PARIS: TotalEnergies a annoncé lundi dans un communiqué faire appel du jugement rendu le 25 juin dernier relatif au devoir de vigilance, qui lui ordonnait d'intégrer les émissions de CO2 de ses clients dans son plan de vigilance.

"Imposer à des entreprises du secteur de l'énergie ou de la défense, de l'aéronautique ou de l'automobile… un contrôle des risques résultant de l'utilisation de leurs produits par leurs clients n'apparaît pas conforme aux objectifs de la loi, ni aux principes de sécurité juridique et de liberté d'entreprendre", fait valoir le géant français de l'énergie dans son communiqué.

Le tribunal judiciaire de Paris a estimé le 25 juin que le plan de vigilance actuel du géant pétrogazier était "incomplet", lui accordant six mois pour se mettre en conformité sous peine d'un nouveau contrôle judiciaire prévu début 2027.

Le devoir de vigilance, introduit dans le droit français en 2017, impose aux grandes entreprises françaises de publier un document cartographiant les risques graves pour les droits humains, la santé et l'environnement liés à leurs activités et à celles de leurs partenaires commerciaux, et de mettre en oeuvre des "mesures de vigilance raisonnable" pour les prévenir.

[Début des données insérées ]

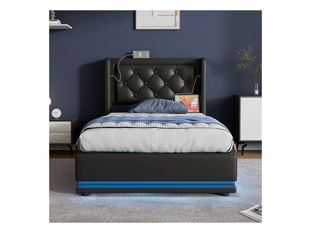 Lit adulte lit 90x200 cm lit rembourré hydraulique lit de rangement Single avec fonction de charge usb type-c tête de lit pu noir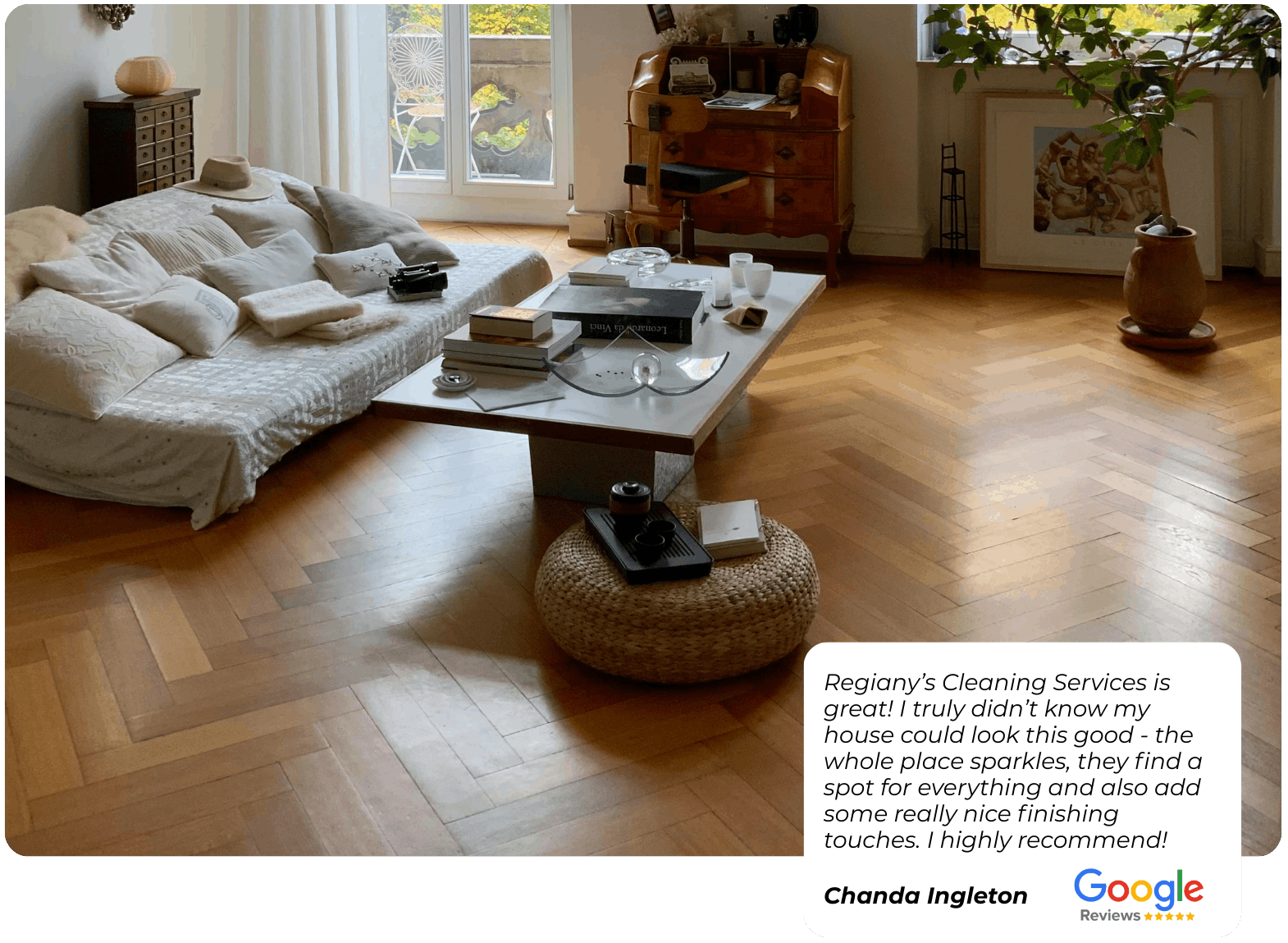 Regiany’s Cleaning Services provides reliable residential and commercial cleaning services across Massachusetts and New Hampshire. We focus on high-quality cleaning, attention to detail, and consistent results for every space.

L'injonction du tribunal a été assortie de l'exécution provisoire, ce qui signifie que le groupe doit s'y conformer immédiatement, et que son appel ne suspend pas la décision.

TotalEnergies précise avoir décidé de faire appel "après délibération de son conseil d'administration".

Dans son communiqué, le groupe s'appuie sur la décision du ministère public, qui a "estimé que le changement climatique est un phénomène mondial qui est +l'affaire de tous mais essentiellement une responsabilité de la communauté internationale des Etats+".

TotalEnergies argue également que "la loi sur le devoir de vigilance vise à responsabiliser les entreprises sur les risques d'atteinte résultant de leurs activités, de celles de leurs filiales et de leurs fournisseurs et sous-traitants, mais ne vise pas les activités de leurs clients sur lesquelles l'entreprise ne dispose pas de contrôle".

"Ce n'est pas TotalEnergies qui décide si un automobiliste choisit de rouler à l'essence, au biodiesel ou avec un véhicule électrique", ajoute le géant pétrogazier.

Ce dossier s'inscrit dans une vague mondiale de contentieux climatiques visant les multinationales.

Dans une affaire similaire, la Cour suprême des Pays-Bas doit notamment se prononcer en dernière instance sur le groupe Shell, après l'annulation en appel d'un jugement historique de 2021 qui lui ordonnait de réduire ses émissions de 45% d'ici 2030.